Your objective: Report only how many lines of the entries below contain the string "with".

Stored entries:
■ ■ ■ ■ ■
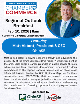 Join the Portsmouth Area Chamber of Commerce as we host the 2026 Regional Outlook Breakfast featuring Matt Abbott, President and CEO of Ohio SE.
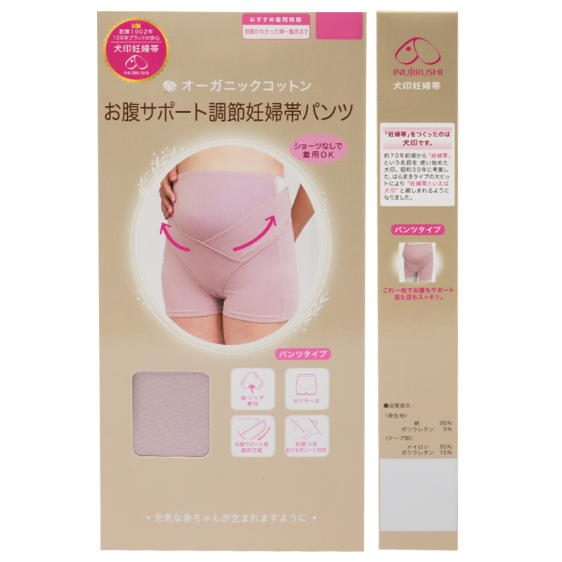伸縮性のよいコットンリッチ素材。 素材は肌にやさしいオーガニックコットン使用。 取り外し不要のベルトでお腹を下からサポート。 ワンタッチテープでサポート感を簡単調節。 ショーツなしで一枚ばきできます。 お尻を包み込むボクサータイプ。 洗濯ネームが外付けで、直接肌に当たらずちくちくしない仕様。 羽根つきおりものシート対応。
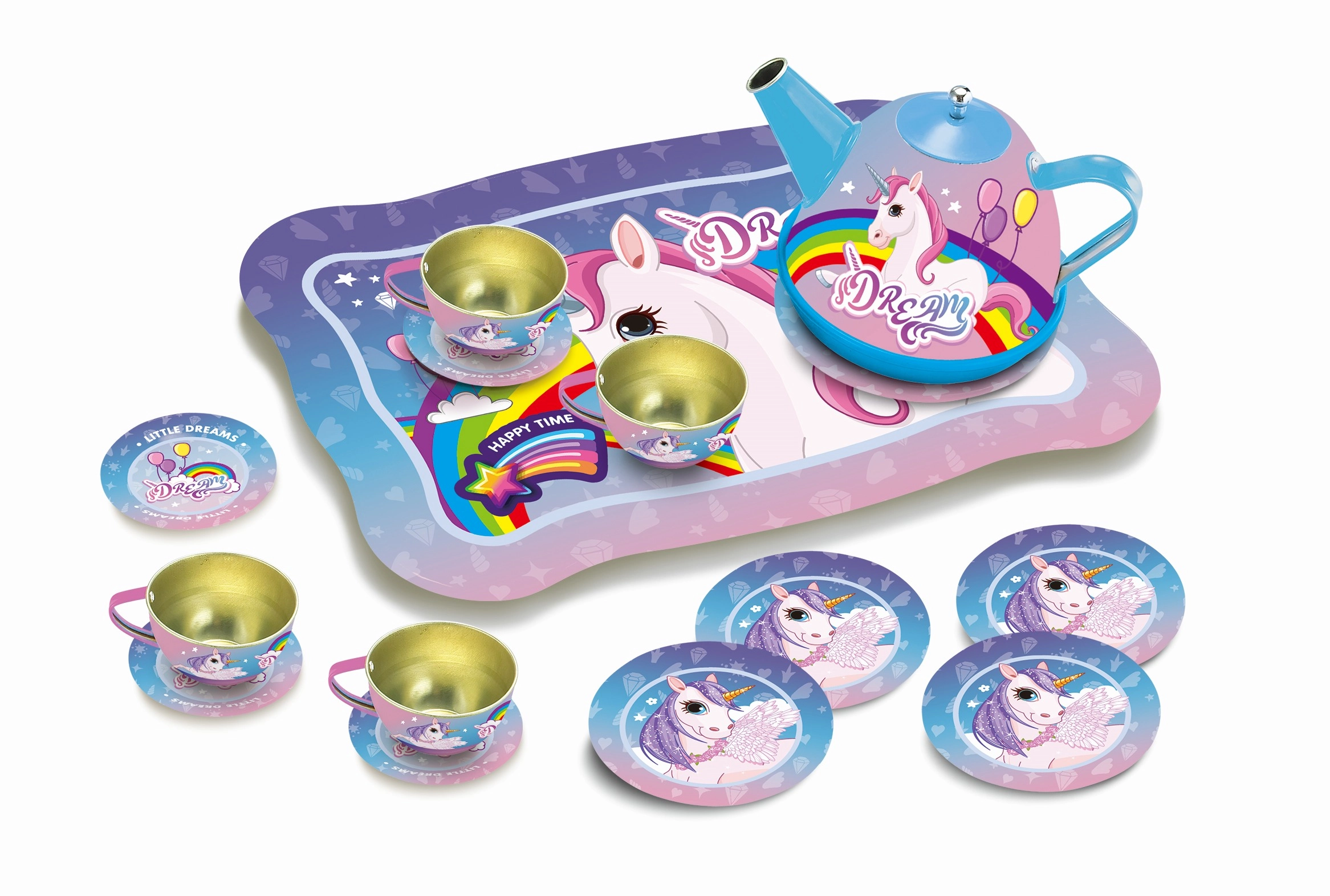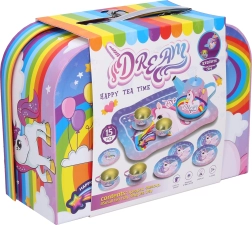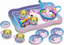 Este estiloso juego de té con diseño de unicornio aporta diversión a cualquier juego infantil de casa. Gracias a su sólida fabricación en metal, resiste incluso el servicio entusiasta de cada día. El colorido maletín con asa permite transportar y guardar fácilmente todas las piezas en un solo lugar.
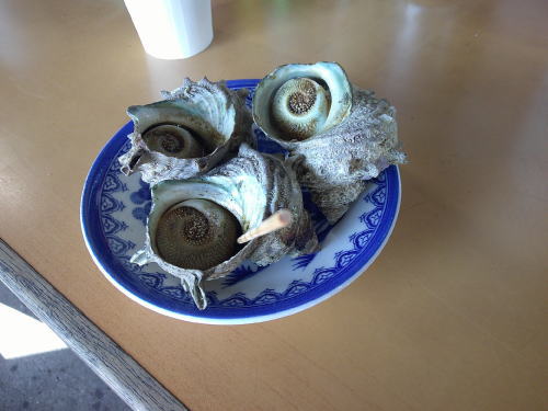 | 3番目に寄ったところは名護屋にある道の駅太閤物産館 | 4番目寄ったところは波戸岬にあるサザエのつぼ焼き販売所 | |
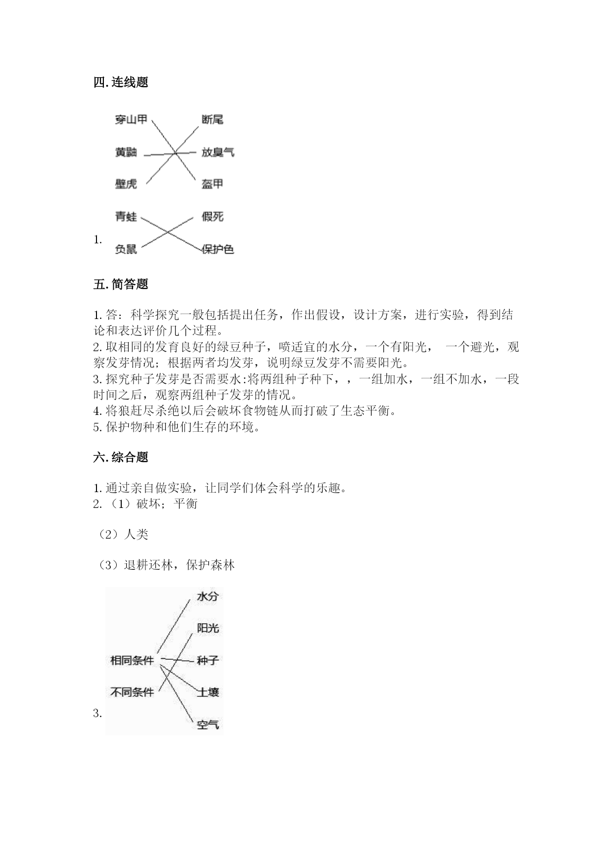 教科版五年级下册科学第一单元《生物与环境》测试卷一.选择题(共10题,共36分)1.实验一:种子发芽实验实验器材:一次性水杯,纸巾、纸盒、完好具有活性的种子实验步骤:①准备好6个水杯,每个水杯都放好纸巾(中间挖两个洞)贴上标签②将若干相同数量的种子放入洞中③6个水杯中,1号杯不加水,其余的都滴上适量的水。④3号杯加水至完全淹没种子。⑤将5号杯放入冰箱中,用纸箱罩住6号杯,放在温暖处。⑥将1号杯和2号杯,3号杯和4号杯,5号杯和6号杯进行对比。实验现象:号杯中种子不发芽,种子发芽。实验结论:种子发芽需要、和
■ ■ ■ ■ ■
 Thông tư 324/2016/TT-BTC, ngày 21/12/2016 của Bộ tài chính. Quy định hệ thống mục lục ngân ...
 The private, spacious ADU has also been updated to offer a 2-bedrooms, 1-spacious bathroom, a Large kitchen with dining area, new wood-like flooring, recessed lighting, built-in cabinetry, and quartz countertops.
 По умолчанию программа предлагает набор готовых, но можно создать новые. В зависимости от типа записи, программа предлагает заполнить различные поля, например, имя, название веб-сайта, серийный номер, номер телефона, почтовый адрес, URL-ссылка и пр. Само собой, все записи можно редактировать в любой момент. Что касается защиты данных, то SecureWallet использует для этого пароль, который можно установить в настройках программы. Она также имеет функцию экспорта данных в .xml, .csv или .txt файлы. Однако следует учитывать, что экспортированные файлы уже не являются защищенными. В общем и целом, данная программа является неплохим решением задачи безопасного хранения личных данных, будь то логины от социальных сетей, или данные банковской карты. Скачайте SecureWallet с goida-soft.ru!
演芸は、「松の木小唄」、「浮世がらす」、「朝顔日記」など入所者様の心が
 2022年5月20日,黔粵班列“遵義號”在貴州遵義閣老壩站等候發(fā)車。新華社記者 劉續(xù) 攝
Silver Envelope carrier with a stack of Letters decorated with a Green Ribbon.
■ ■ ■ ■ ■
Answer for this exercise: 2